Courts Can Impute Earning Capacity for the Purposes of Child Support Calculations

When a Court calculates child support in Pennsylvania it considers the amount of income both parties generate.  The monthly incomes are calculated and then compared using a chart generated by the legislature.  The incomes are plugged in along with the number of children and a general amount of child support is determined from the chart.  There are also numerous other factors and credits that go into the determination of the final amount which include the amount of custody, medical insurance credits and other payments.  However, how is a fair child support amount calculated when one party either refuses to work, or there is an allegation that the part is earning an income much less than their commensurate earning capacity? 

Child support is a shared responsibility, both parents are obligated to support their children “in accordance with their relative incomes and ability to pay.” Reinert v. Reinert, 2007 PA Super 170, 926 A.2d 539, 542 (Pa. Super. 2007).  The important concept here is how the Court fairly determines income potential. 

“Ordinarily, a party who willfully fails to obtain appropriate employment will be considered to have an income equal to the [party’s] earning capacity.” Pa.R.Civ.P. 1910.16-2(d)(4). The determination of a parent’s ability to provide child support is based upon the parent’s earning capacity rather than the parent’s actual earnings. This includes the type of jobs and earning capacity that the parent has demonstrated in the past, education and vocational training.  See Kelly v. Kelly, 430 Pa. Super. 31, 633 A.2d 218 (1993).  The bottom line is that if a Court is presented evidence that demonstrates that an individual’s income is below their actual earning capacity, the Court is within its discretion to base an award on an imputed income.  An example of such a situation would be a doctor or lawyer deliberately earning less money to artificially lower income capacity by working in a McDonalds. 
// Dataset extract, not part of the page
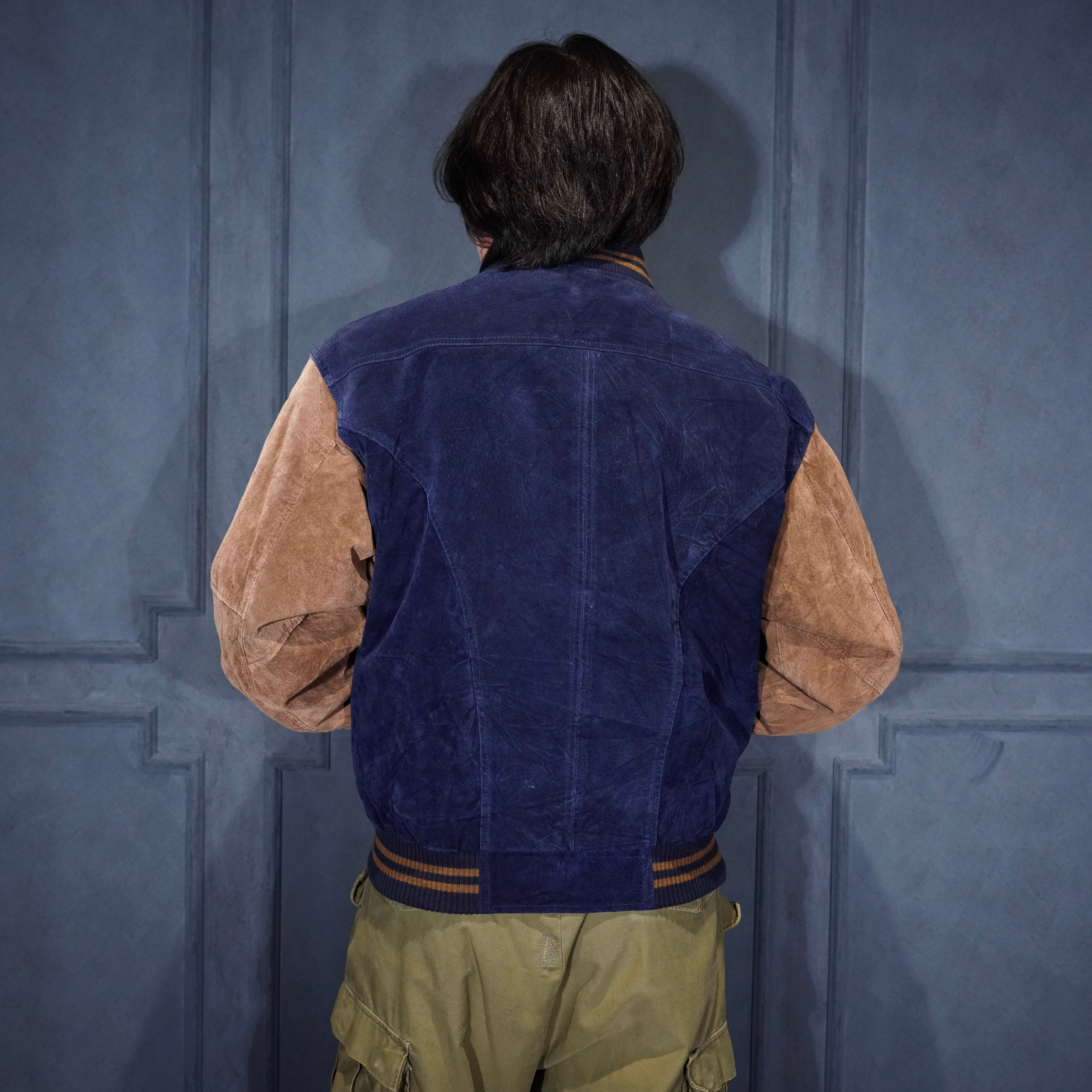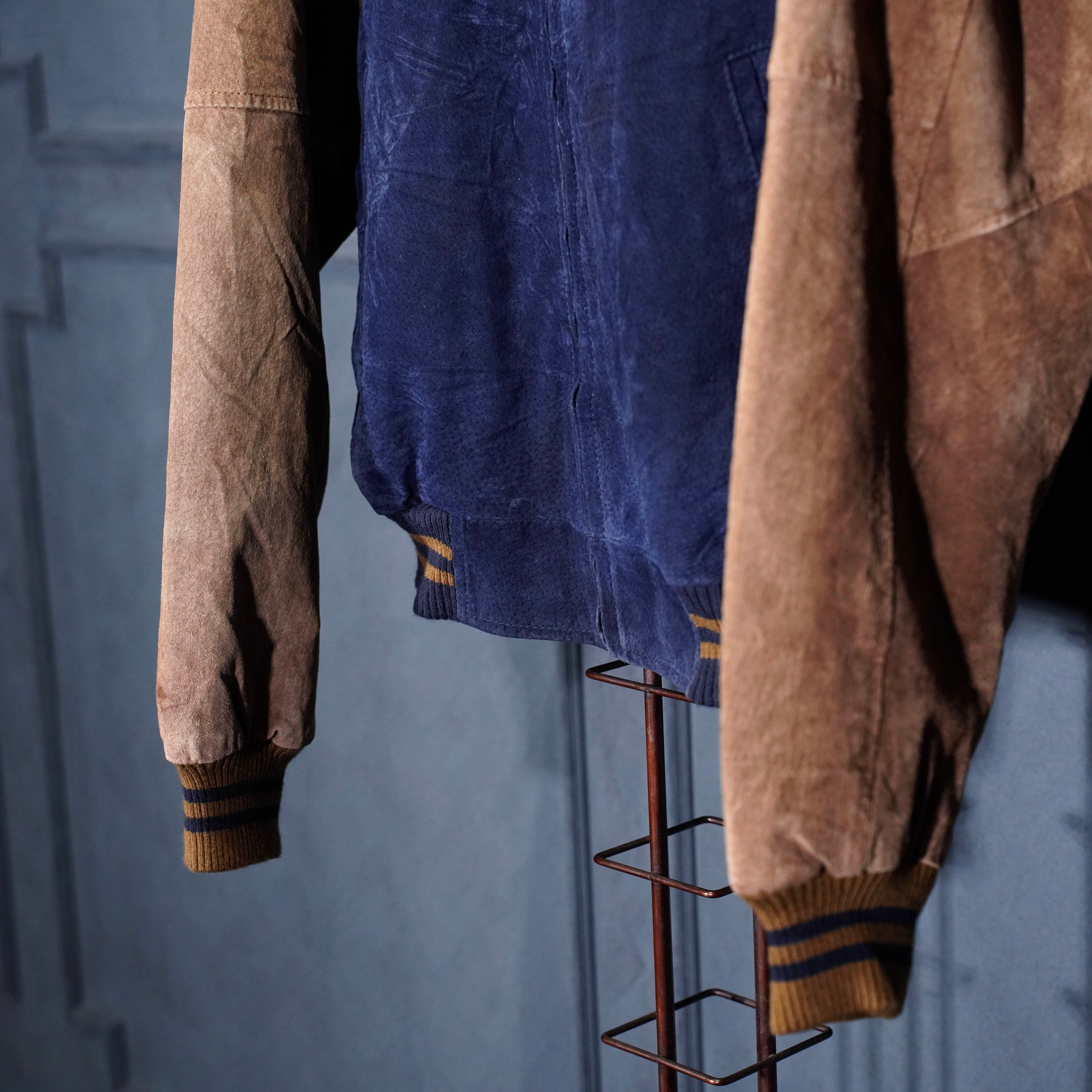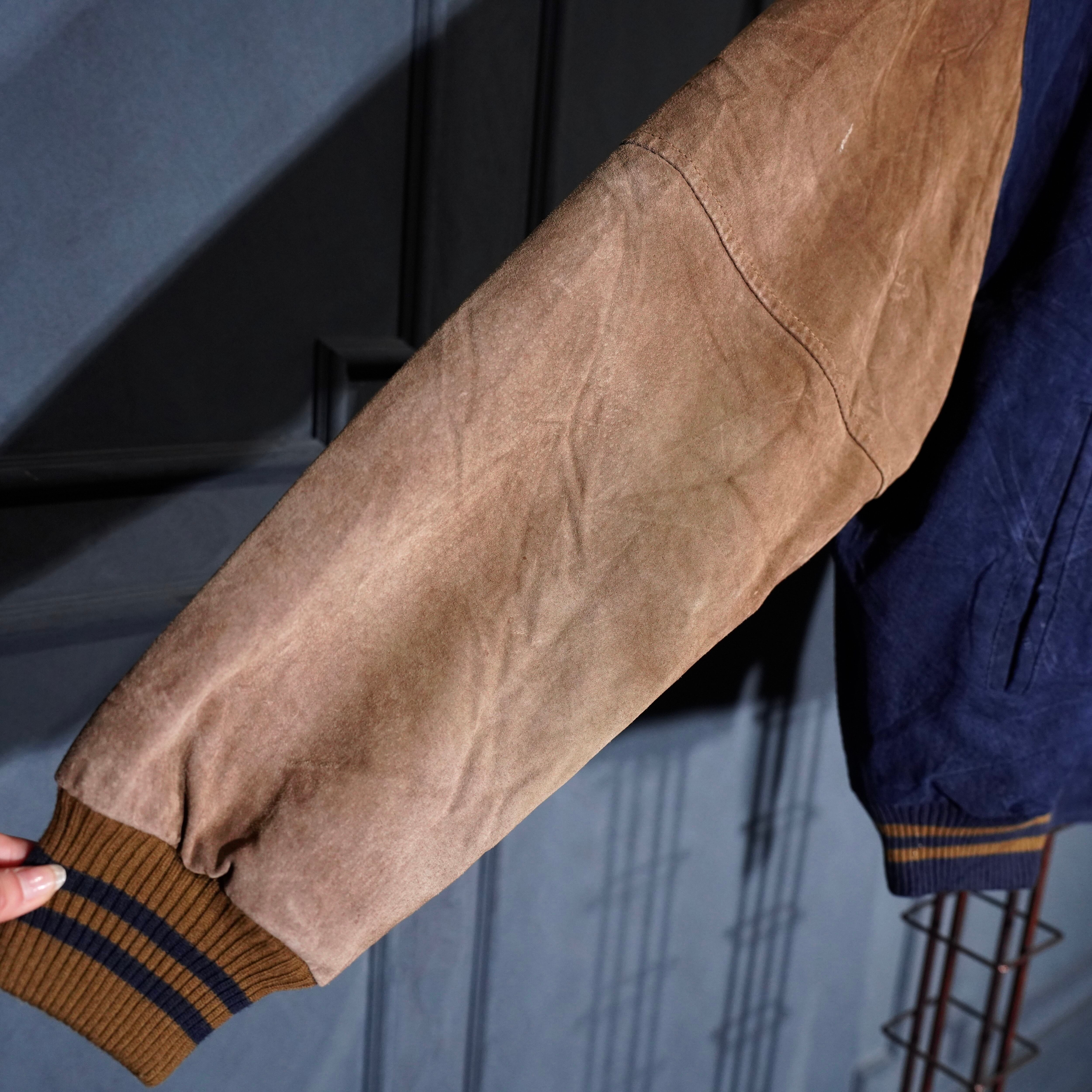 USA VINTAGE PORT AUTHORITY 2 TONE DESIGN ZIP UP LEATHER BLOUSON/アメリカ古着2トーンデザインジップアップレザーブルゾン

Laws v. Laws, 2000 PA Super 248, 758 A.2d 1226, 1229 (Pa. Super. 2000).  As stated a party’s age, education, training, health, work experience, earnings history, and childcare responsibilities are factors that shall be considered in determining earning capacity. Id. (citing Pa.R.Civ.P. 1910.16-2(d)(4)).  We have also stated, however, that in appropriate cases, the “earning capacity of a parent who elects to stay home with a young child need not be considered.” Reinert, 926 A.2d at 543 (citing Kelly v. Kelly, 430 Pa. Super. 31, 633 A.2d 218, 219 (Pa. Super. 1993)).
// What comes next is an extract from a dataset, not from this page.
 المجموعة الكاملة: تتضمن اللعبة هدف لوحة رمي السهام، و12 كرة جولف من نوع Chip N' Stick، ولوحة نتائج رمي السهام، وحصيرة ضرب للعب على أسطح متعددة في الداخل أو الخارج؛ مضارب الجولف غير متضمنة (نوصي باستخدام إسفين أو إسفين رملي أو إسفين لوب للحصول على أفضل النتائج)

A wife’s willful lack of full-time employment can result in a Court imputing income to the wife.  In Bogdon v. Bogdon, 2018 Pa. Super. Unpub. LEXIS 327, 2018 WL 700823, the wife had five years to become employed in a full-time position.  Wife was awarded alimony for a period of one year.  The Court stated that rather than finding work commensurate with her previous employment, Wife chose to become employed in a part-time position where she earns $11.35 per hour.  An earning capacity of $30,000 per year comes down to approximately $15.62 per hour for forty hours per week.  Given Wife’s age and employment history, it is not unreasonable to expect that she will be able to find such a position.  The Court based upon the wife’s failure to find work commensurate with her work capacity when she had time to do so should result in an imputed work capacity. The Court awarded a $30,000.00 work capacity to the wife for the purposes of Child Support payments. 

Thus, the reality is that if an individual earns less than their past income for what the Court deems poor reasons, it can be argued that an earning capacity can be imputed to that individual.